Data listing →
- Opening Delimiter -

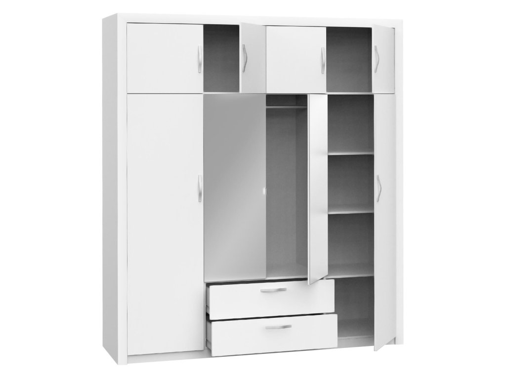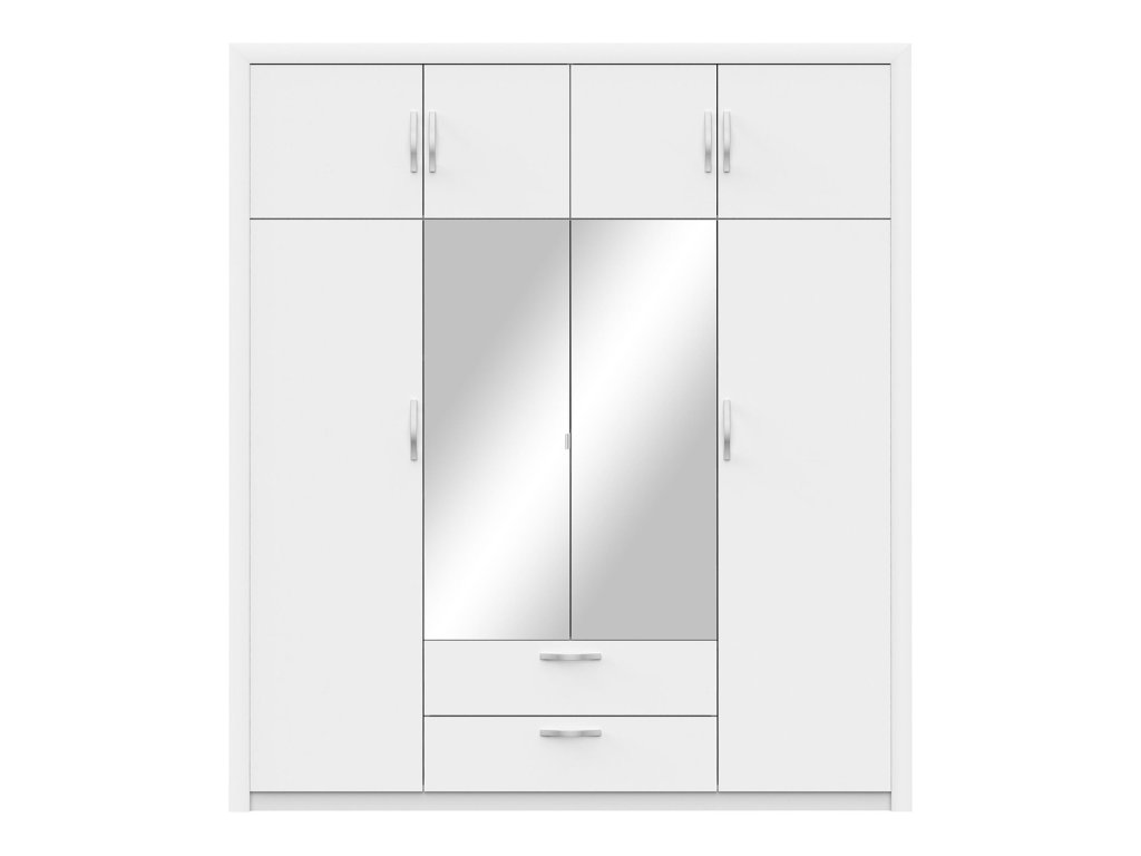 barevné provedení perleťově bílá prostor dělený v poměru 1:2:1, nástavec rozdělený na 2 stejné části je součástí skříně v každé užší části 3 police z toho 2 variabilní, rozměr police (š/h) 55 × 49 cm širší část zrcadlové dveře, šatní tyč, v dolní části 2 zásuvky s kovovými pojezdy rozměr zásuvky (š/h/v) 79 × 37 × 15 cm záda dutinkový plast
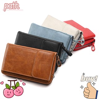 Ví Da PU Dáng Dài Đựng Thẻ Phối Khóa Kéo Đôi
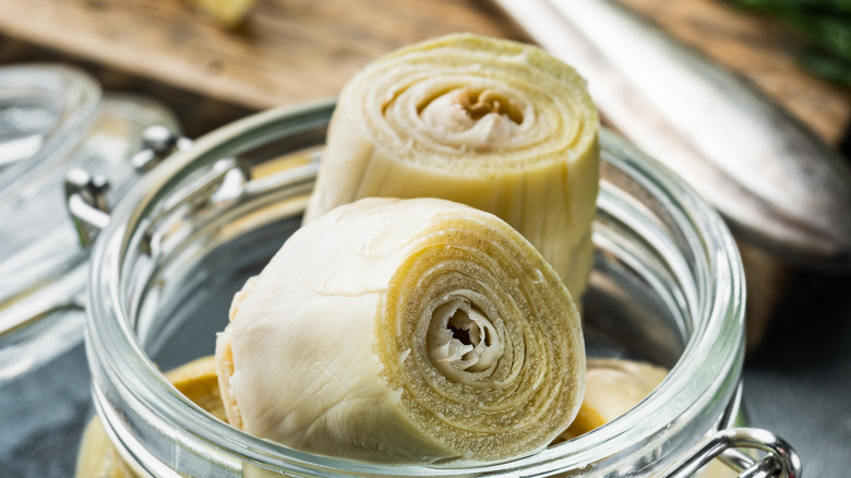 If you can get past that tough, threatening exterior (and interior), you'll find a great-tasting vegetable full of nutrition. According to Healthline, artichokes are high in Vitamins C and K, and magnesium is the highest among vegetables for antioxidants. They also go great in dips, sandwiches, or as entrees with parsley and pancetta. They can also be a lot of work to prepare safely. Luckily, there are plenty of frozen, canned, or marinated options, but can they substitute for a fresh artichoke heart?
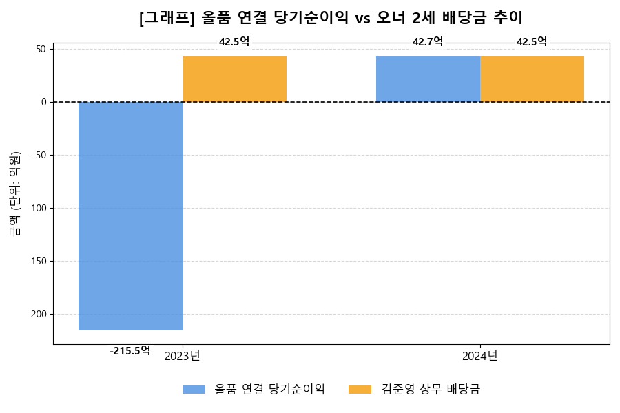 2024년에는 연결 당기순이익이 42억 7,340만 원으로 가까스로 흑자 전환에 성공했음에도, 올품은 당기순이익의 99.3%에 해당하는 42억 4,500만 원을 다시 김 상무에게 배당했다.
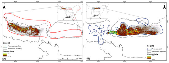 In the current scenario, habitat connectivity for P. magnificus is primarily restricted to eastern Nepal and the Nepal–India border region, with a mean connectivity value of 0.1118 (Figure 4). In contrast, for P. nobilis, corridor connectivity was identified within Bhutan and across transboundary regions, specifically between Bhutan and Arunachal Pradesh (India) as well as Bhutan and Sikkim (India), with a mean connectivity value of 0.6368 (Figure 4).
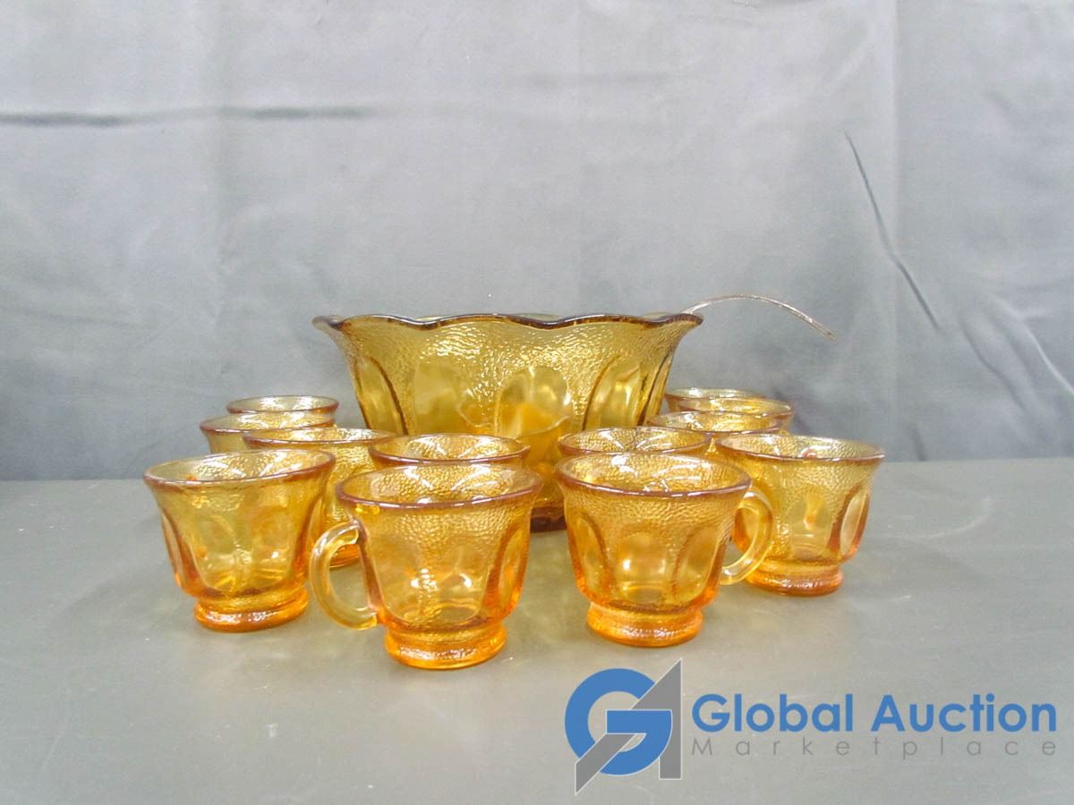 Vintage Coloured Glass Punch Bowl & (12) Cups Set
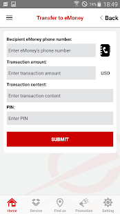 - Transfer to your family and anyone anywhere, anytime via eMoney account or Non-eMoney account users
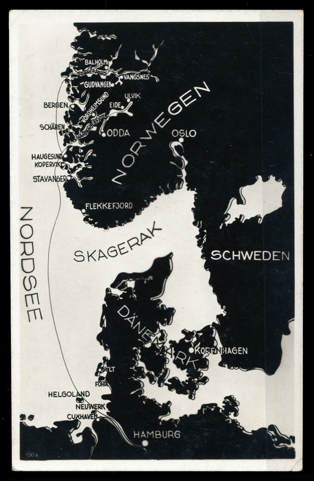 1930 ca., "Reiseweg in den Hardanger-und Sognefjord Norwegens", ungebrauchte Fotokarte, rs. mit Bleistift beschriftet

- Closing Delimiter -

Take the material above from the line containing "If you can get" up to and including the line containing "2024년에는 연결 당기순이익이" and retype it exactly, without any pictures.

Written solution →
 If you can get past that tough, threatening exterior (and interior), you'll find a great-tasting vegetable full of nutrition. According to Healthline, artichokes are high in Vitamins C and K, and magnesium is the highest among vegetables for antioxidants. They also go great in dips, sandwiches, or as entrees with parsley and pancetta. They can also be a lot of work to prepare safely. Luckily, there are plenty of frozen, canned, or marinated options, but can they substitute for a fresh artichoke heart?
 2024년에는 연결 당기순이익이 42억 7,340만 원으로 가까스로 흑자 전환에 성공했음에도, 올품은 당기순이익의 99.3%에 해당하는 42억 4,500만 원을 다시 김 상무에게 배당했다.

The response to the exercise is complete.